In the meantime, the US government’s reckless, deficitary fiscal policy would be even more exposed in a GDP-pummeling trade war — we are already way overdue for a recession amidst a historically weak, waning-productivity, debt-encumbered, artificial recovery.  Huge US commitments, political calculations, and a fiat currency — “The US can pay any debt …, it just can’t guarantee purchasing power” — could result in unprecedented amounts of dollar printing.  It appears to be more a question of “when” rather than “if.”  This suggests that the buck will be sacrificed in a tactical attempt to protect money center bank balance sheets (and the Fed itself) from “valuation meltdowns” and to meet “nominal dollar commitments” of a strategic nature.  Monetization of debt would become permanent and be expanded upon.  How does one spell “doubling-down on currency debasement?”  Against this backdrop, it is hard to imagine a secularly more bullish case for undervalued precious metals — and a more opportune time to reduce exposure to massively overvalued bonds and stocks.  (And please recall, markets are “reversion beyond the mean machines!”)

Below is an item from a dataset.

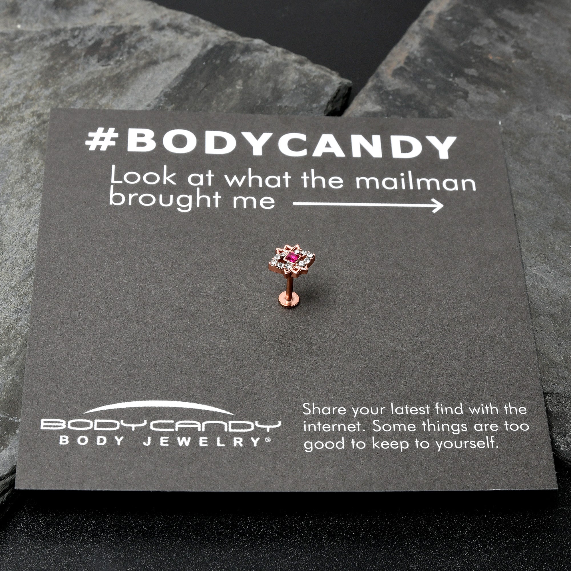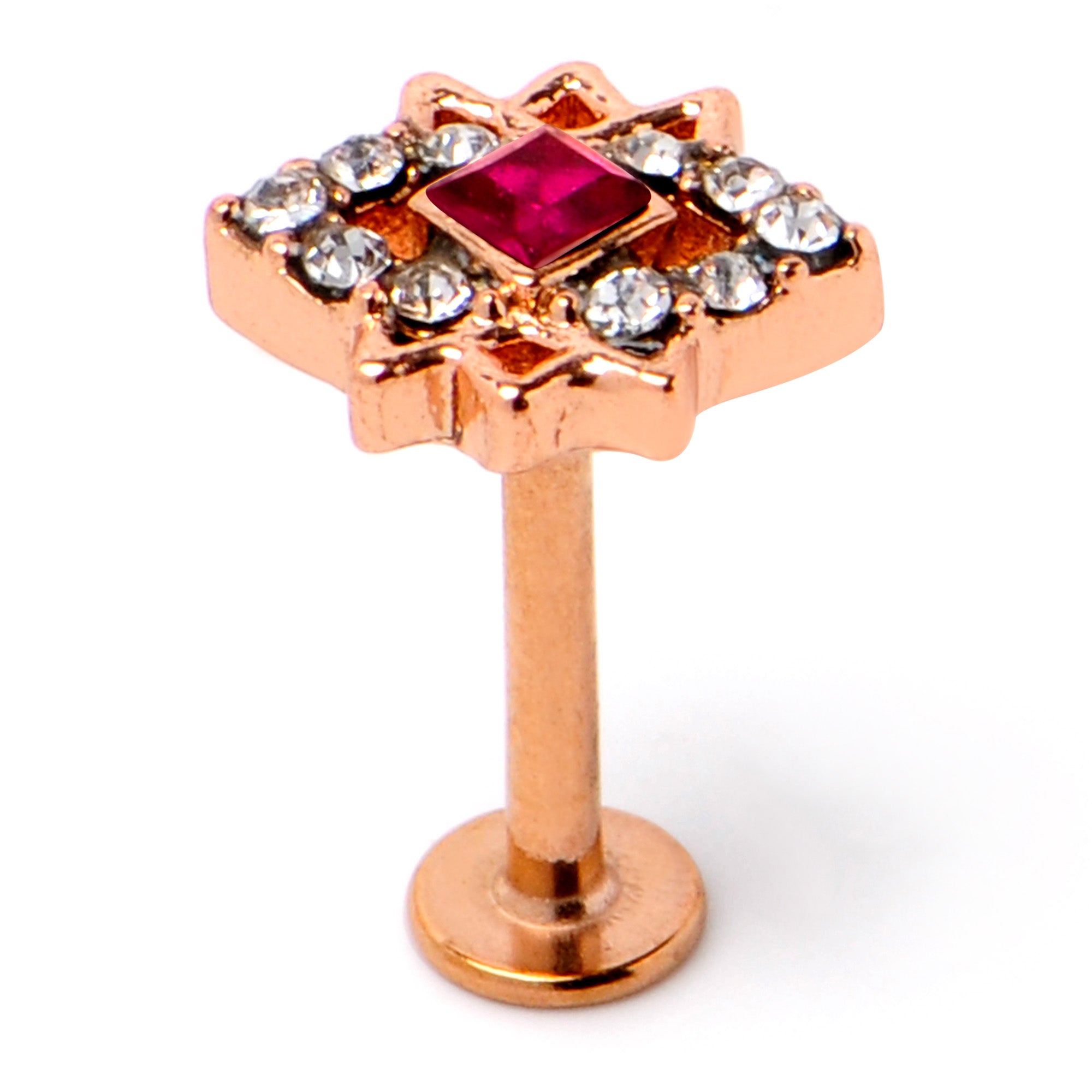 16 Gauge 5/16 Red Gem Rose Gold Tone Octogram Star Labret Monroe Tragus

Finally, it is fitting indeed, on Independence Day, that we celebrate America’s historical blueprints — The Declaration of Independence, which led to the first-ever strict enumeration of governmental powers and codification of individual liberty and inalienable rights, otherwise known as the US Constitution, including the Bill of Rights.  How appropriate that Americans, and proponents of codified freedom around the globe, still have the unique opportunity to fortify their financial fortunes with the very “constitutional money” that could prove pivotal in the challenging times ahead in terms of supporting their families and in terms of helping to rebuild a return to free market capitalism and constitutionalism.  An increasing number of originalist/constitutional judges should be of strategic help.  Thank you, Mr. President.

Sincerely,

Dan Kurz, CFA

www.dkanalytics.com

This commentary is not intended as investment advice or as an investment recommendation. Past performance is not a guarantee of future results. Price and yield are subject to daily change and as of the specified date. Information provided is solely the opinion of the author at the time of writing.  Nothing in the commentary should be construed as a solicitation to buy or sell securities. Information provided has been prepared from sources deemed to be reliable but is not a complete summary or statement of all available data necessary for making an investment decision.  Liquid securities can fall in value.